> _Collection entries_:
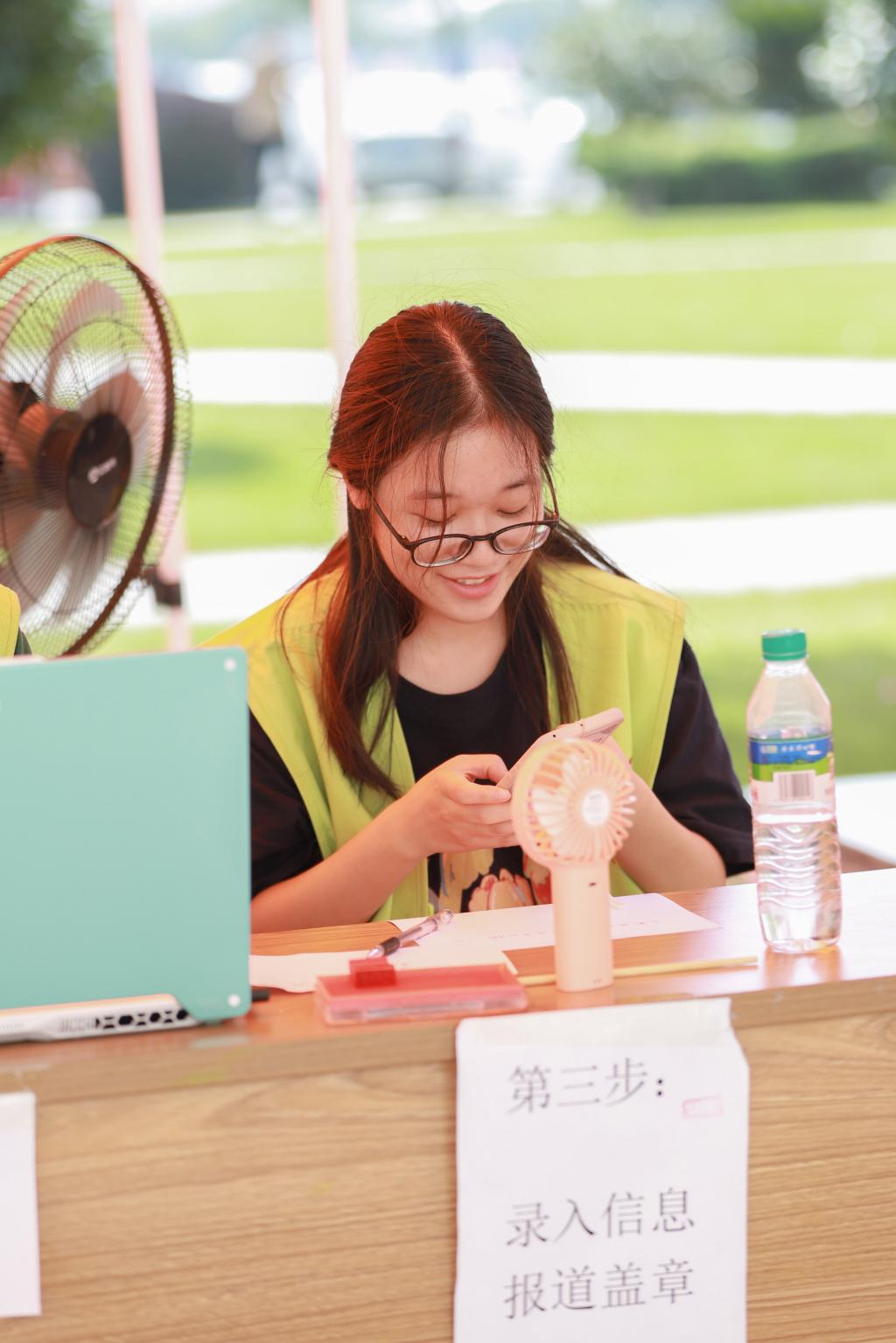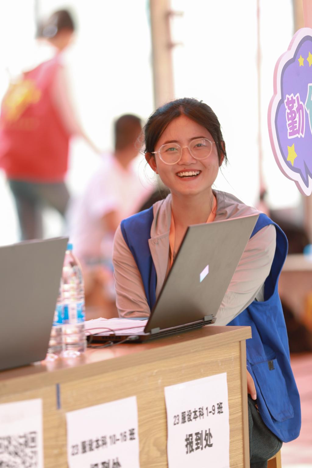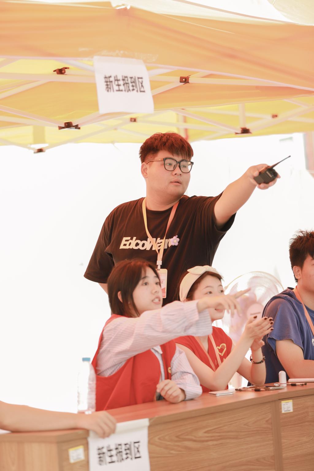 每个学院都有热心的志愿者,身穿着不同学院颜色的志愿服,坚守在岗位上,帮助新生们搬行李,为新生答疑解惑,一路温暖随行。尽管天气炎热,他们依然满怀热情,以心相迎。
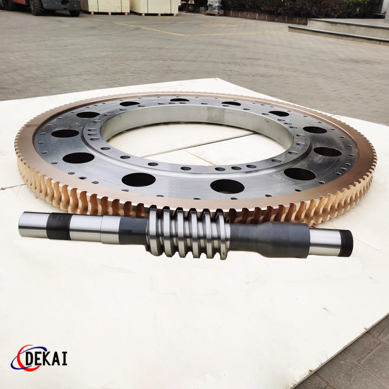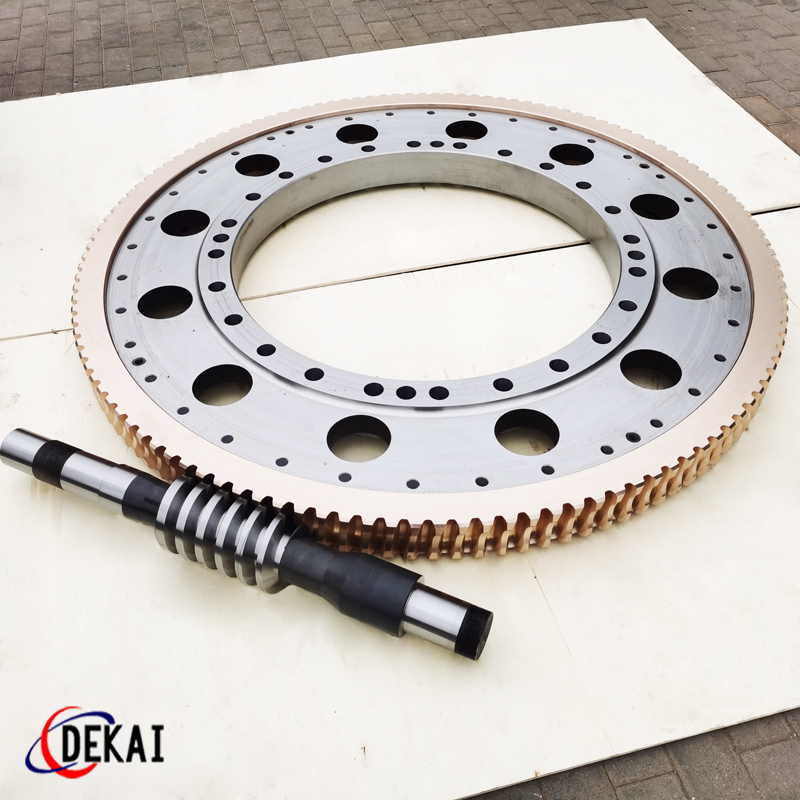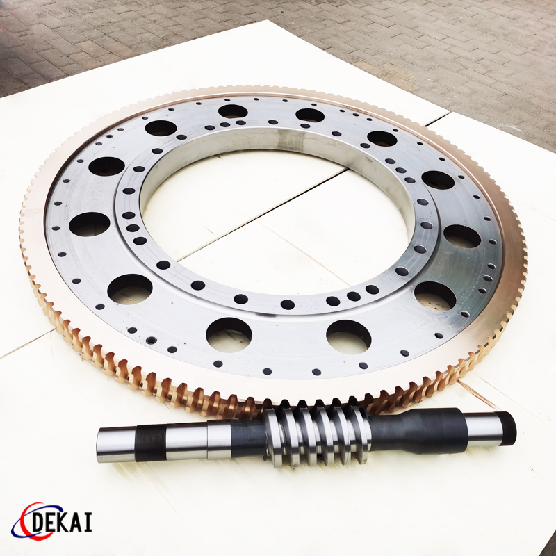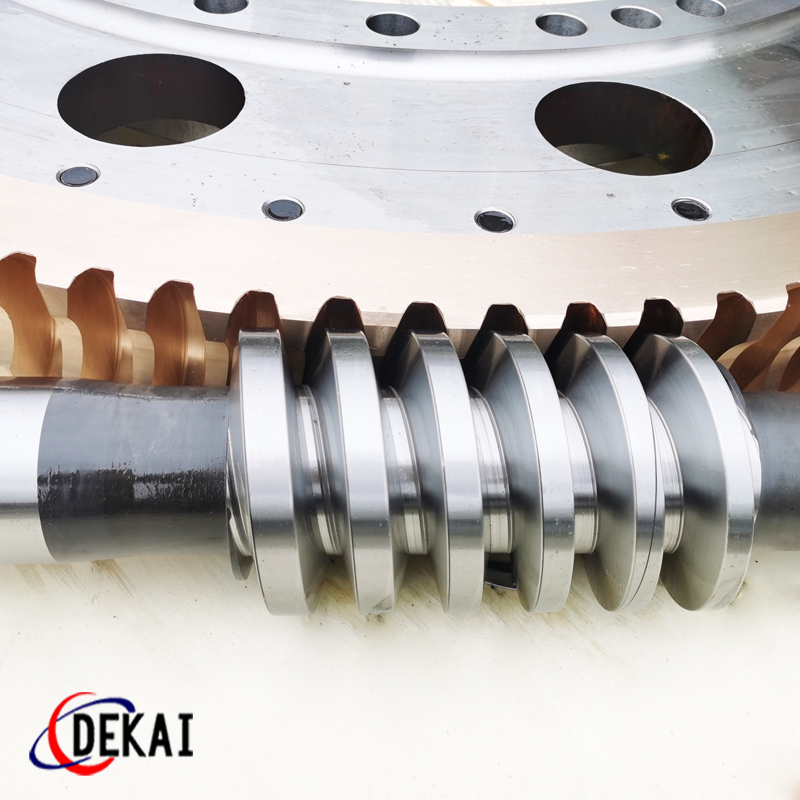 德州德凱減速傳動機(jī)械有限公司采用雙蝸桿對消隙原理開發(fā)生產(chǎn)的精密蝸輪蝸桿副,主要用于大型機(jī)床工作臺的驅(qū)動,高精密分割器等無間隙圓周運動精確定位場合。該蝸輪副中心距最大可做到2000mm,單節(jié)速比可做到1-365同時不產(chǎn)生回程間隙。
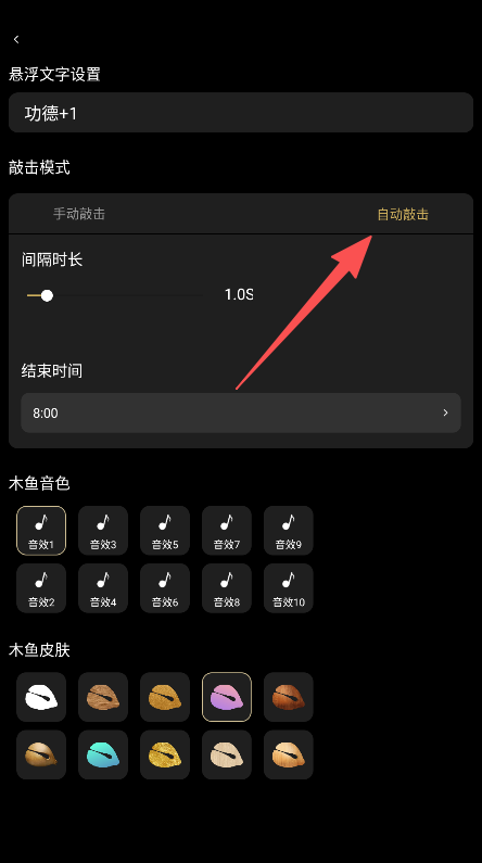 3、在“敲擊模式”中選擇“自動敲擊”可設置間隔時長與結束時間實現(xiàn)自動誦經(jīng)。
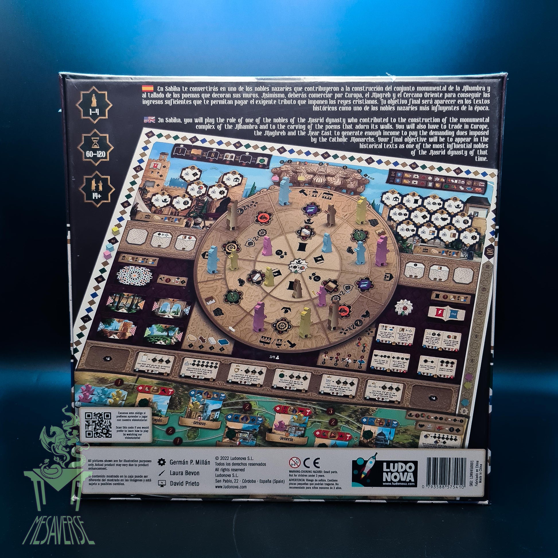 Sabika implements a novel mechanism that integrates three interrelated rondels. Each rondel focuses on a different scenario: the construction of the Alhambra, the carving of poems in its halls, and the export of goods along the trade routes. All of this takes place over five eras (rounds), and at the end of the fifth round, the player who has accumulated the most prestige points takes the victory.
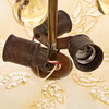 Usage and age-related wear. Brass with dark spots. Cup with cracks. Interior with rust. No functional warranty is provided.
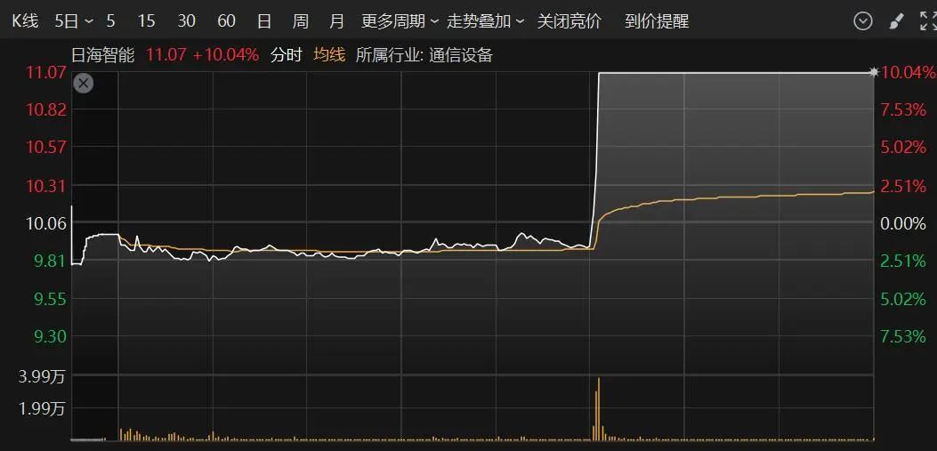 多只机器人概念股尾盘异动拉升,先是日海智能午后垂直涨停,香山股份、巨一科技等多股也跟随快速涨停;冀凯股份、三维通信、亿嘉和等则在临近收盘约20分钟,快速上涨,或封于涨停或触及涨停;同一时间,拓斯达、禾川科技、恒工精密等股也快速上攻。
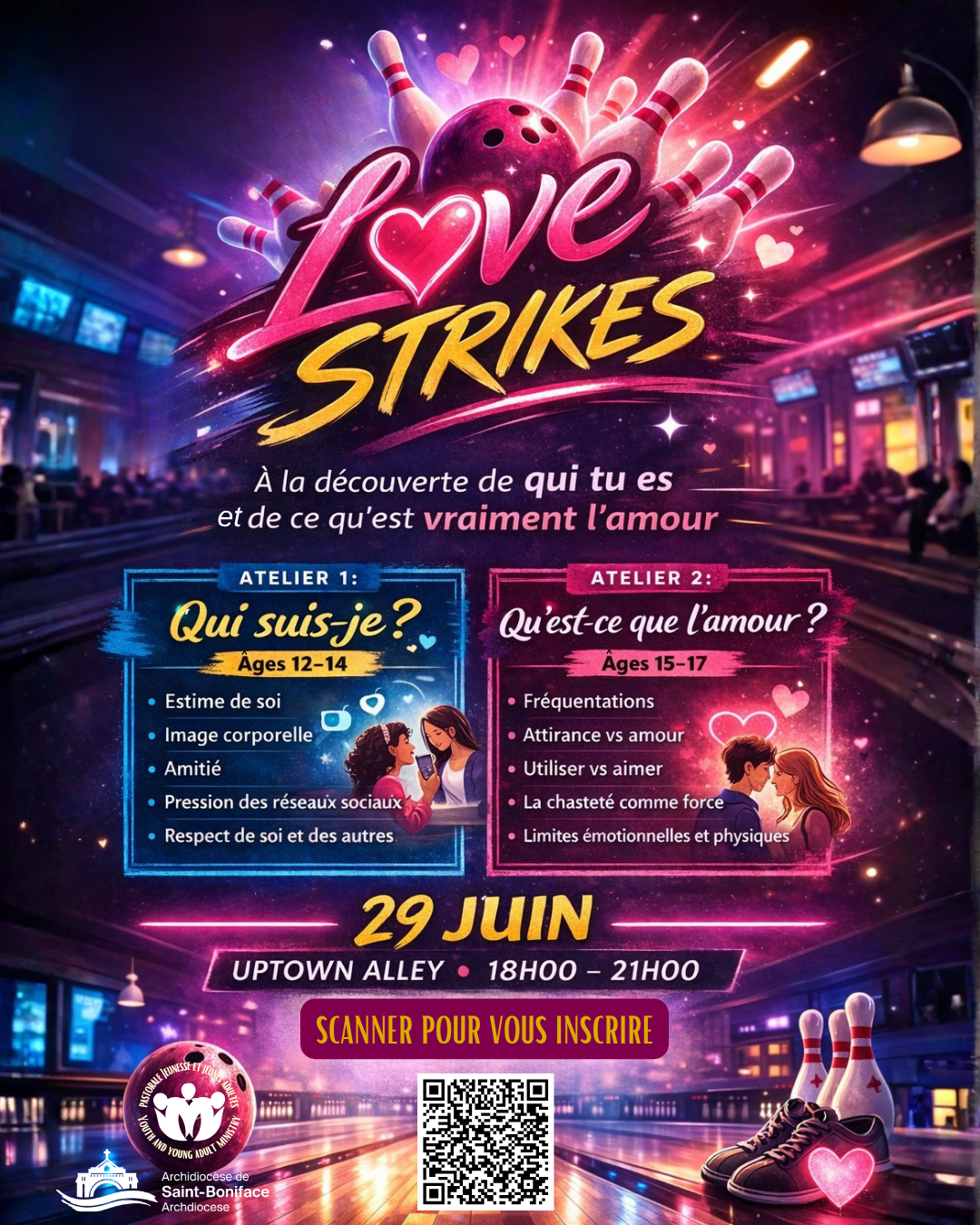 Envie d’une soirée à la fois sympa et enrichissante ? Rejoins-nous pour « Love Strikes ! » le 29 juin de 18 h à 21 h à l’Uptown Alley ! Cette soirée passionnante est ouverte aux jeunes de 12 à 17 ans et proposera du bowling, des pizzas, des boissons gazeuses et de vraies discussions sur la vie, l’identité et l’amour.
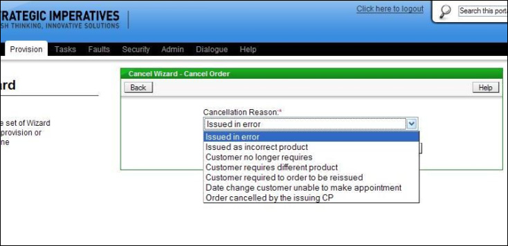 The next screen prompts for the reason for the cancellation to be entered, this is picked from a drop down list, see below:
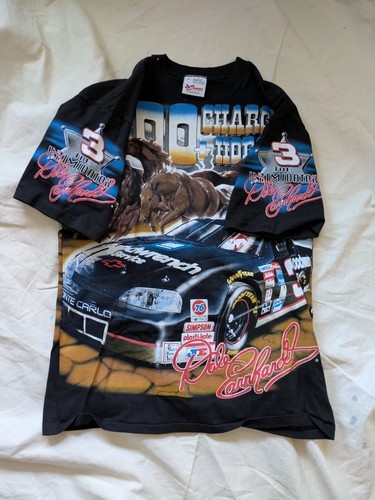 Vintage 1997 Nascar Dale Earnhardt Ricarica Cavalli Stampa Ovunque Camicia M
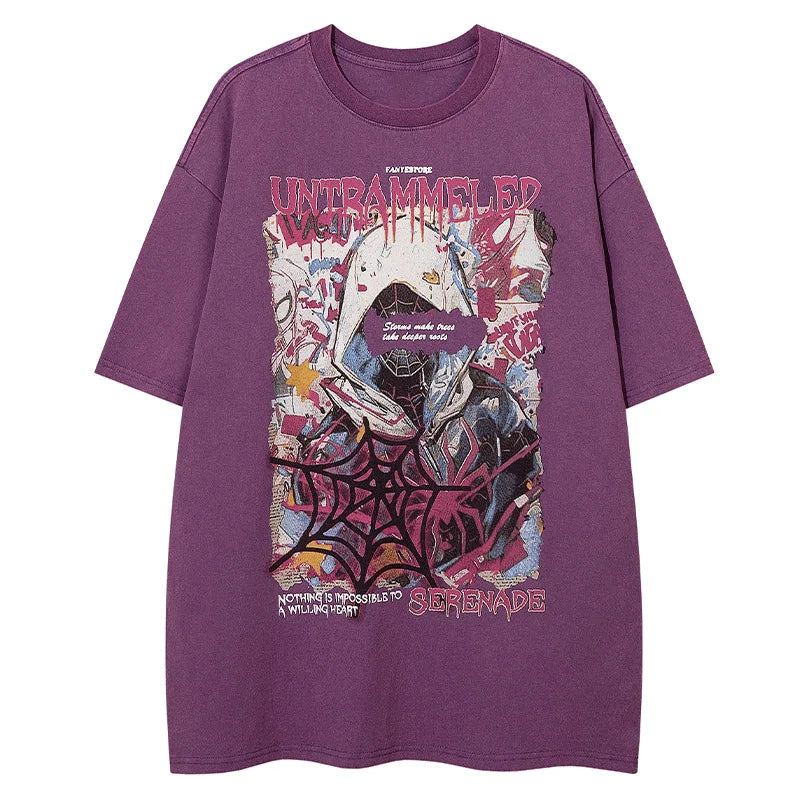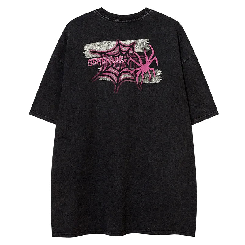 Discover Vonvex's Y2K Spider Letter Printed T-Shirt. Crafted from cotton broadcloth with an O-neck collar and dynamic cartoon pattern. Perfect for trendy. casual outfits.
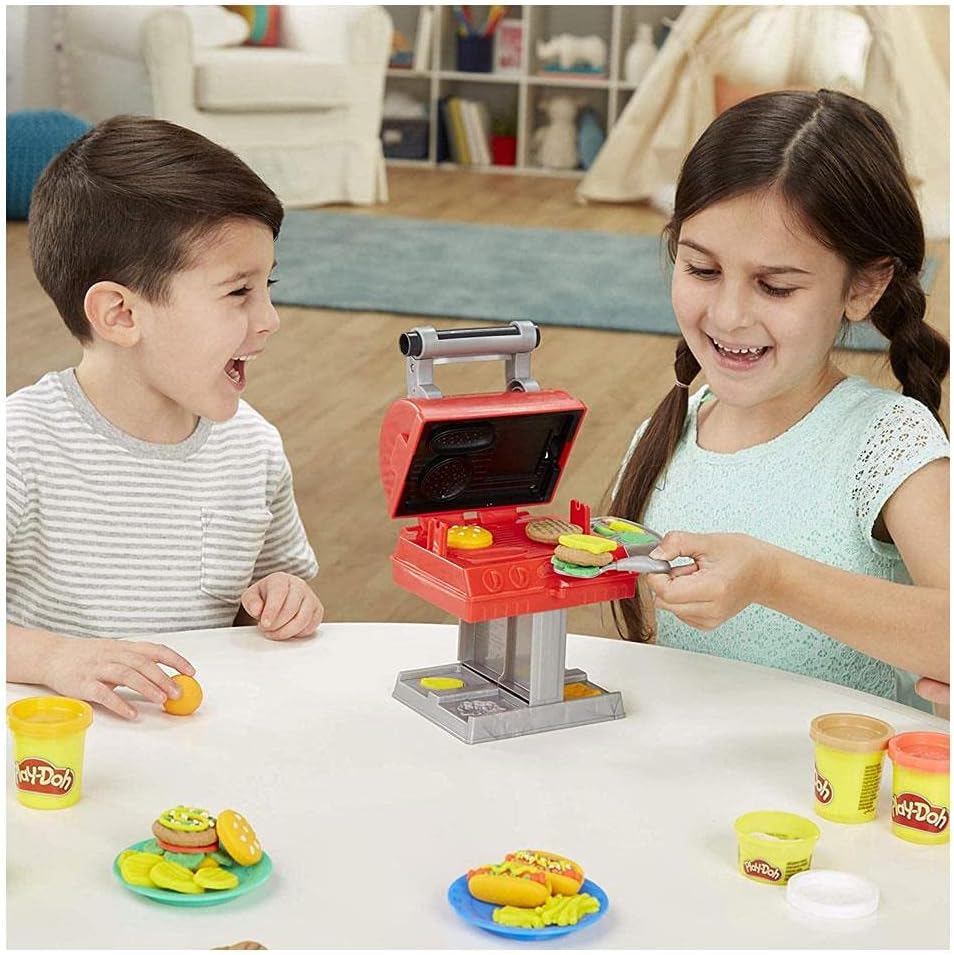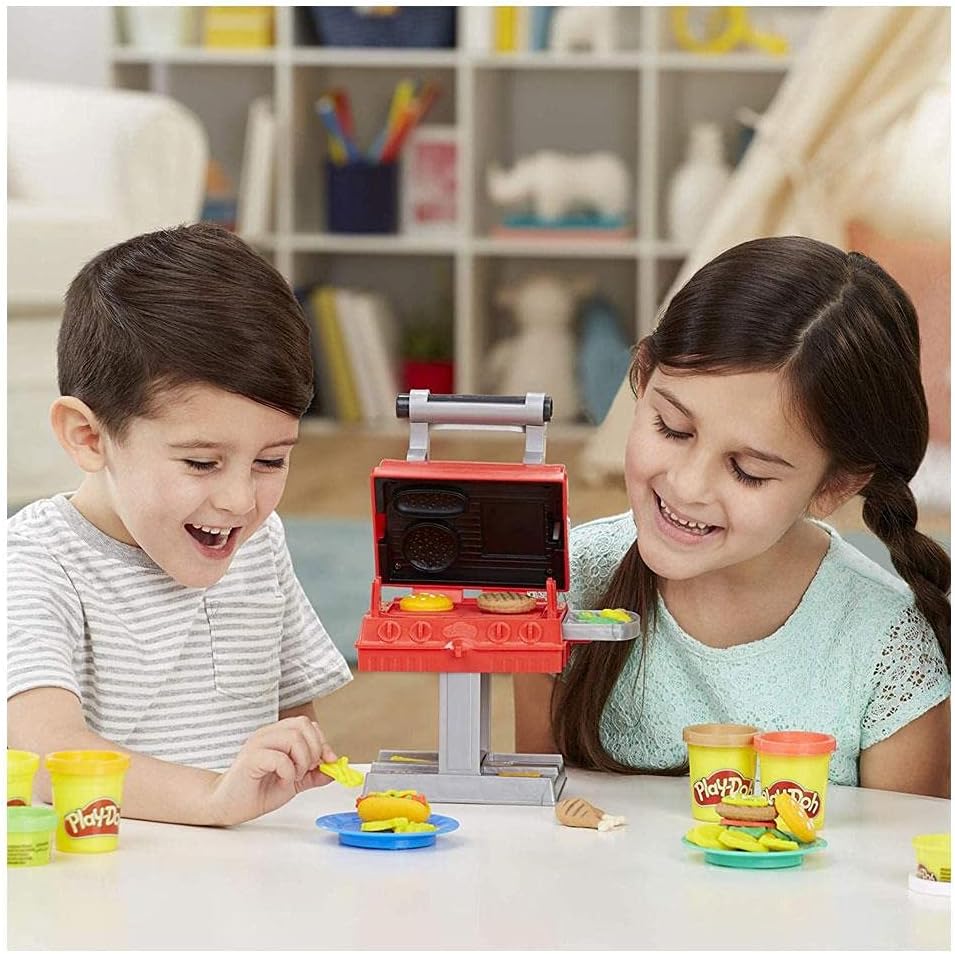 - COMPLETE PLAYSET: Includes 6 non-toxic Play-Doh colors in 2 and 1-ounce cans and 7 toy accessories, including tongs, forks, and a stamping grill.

> _What to produce_: Print all the lines above exactly as they are, but without the pictures.

> _Response area_:
 每个学院都有热心的志愿者,身穿着不同学院颜色的志愿服,坚守在岗位上,帮助新生们搬行李,为新生答疑解惑,一路温暖随行。尽管天气炎热,他们依然满怀热情,以心相迎。
 德州德凱減速傳動機(jī)械有限公司采用雙蝸桿對消隙原理開發(fā)生產(chǎn)的精密蝸輪蝸桿副,主要用于大型機(jī)床工作臺的驅(qū)動,高精密分割器等無間隙圓周運動精確定位場合。該蝸輪副中心距最大可做到2000mm,單節(jié)速比可做到1-365同時不產(chǎn)生回程間隙。
 3、在“敲擊模式”中選擇“自動敲擊”可設置間隔時長與結束時間實現(xiàn)自動誦經(jīng)。
 Sabika implements a novel mechanism that integrates three interrelated rondels. Each rondel focuses on a different scenario: the construction of the Alhambra, the carving of poems in its halls, and the export of goods along the trade routes. All of this takes place over five eras (rounds), and at the end of the fifth round, the player who has accumulated the most prestige points takes the victory.
 Usage and age-related wear. Brass with dark spots. Cup with cracks. Interior with rust. No functional warranty is provided.
 多只机器人概念股尾盘异动拉升,先是日海智能午后垂直涨停,香山股份、巨一科技等多股也跟随快速涨停;冀凯股份、三维通信、亿嘉和等则在临近收盘约20分钟,快速上涨,或封于涨停或触及涨停;同一时间,拓斯达、禾川科技、恒工精密等股也快速上攻。
 Envie d’une soirée à la fois sympa et enrichissante ? Rejoins-nous pour « Love Strikes ! » le 29 juin de 18 h à 21 h à l’Uptown Alley ! Cette soirée passionnante est ouverte aux jeunes de 12 à 17 ans et proposera du bowling, des pizzas, des boissons gazeuses et de vraies discussions sur la vie, l’identité et l’amour.
 The next screen prompts for the reason for the cancellation to be entered, this is picked from a drop down list, see below:
 Vintage 1997 Nascar Dale Earnhardt Ricarica Cavalli Stampa Ovunque Camicia M
 Discover Vonvex's Y2K Spider Letter Printed T-Shirt. Crafted from cotton broadcloth with an O-neck collar and dynamic cartoon pattern. Perfect for trendy. casual outfits.
 - COMPLETE PLAYSET: Includes 6 non-toxic Play-Doh colors in 2 and 1-ounce cans and 7 toy accessories, including tongs, forks, and a stamping grill.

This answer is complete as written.